When President Bush talks about the economy, he invariably boasts about good economic growth. But he doesn't acknowledge what is apparent from the census figures: as the very rich get even richer, their gains can mask the stagnation and deterioration at less lofty income levels.

This week's census report showed that income inequality was near all-time highs in 2004, with 50.1 percent of income going to the top 20 percent of households. And additional census data obtained by the Economic Policy Institute show that only the top 5 percent of households experienced real income gains in 2004. Incomes for the other 95 percent of households were flat or falling.

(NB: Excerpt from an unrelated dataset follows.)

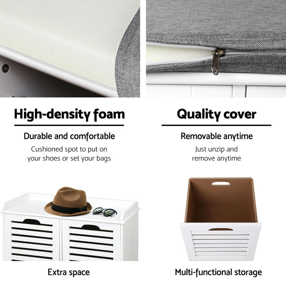 Artiss Shoe Rack Cabinet Bench White Caye

Income inequality is an economic and social ill, but the administration and the Congressional majority don't seem to recognize that. When Congress returns from its monthlong summer vacation next week, two of the leadership's top priorities include renewing the push to repeal the estate tax, which affects only the wealthiest of families, and extending the tax cuts for investment income, which flow largely to the richest Americans. At the other end of the spectrum, lawmakers have stubbornly refused to raise the minimum wage: $5.15 an hour since 1997. They will also be taking up proposals for deep budget cuts in programs that ameliorate income inequality, like Medicaid, food stamps and federal student loans.

They should be ashamed of themselves.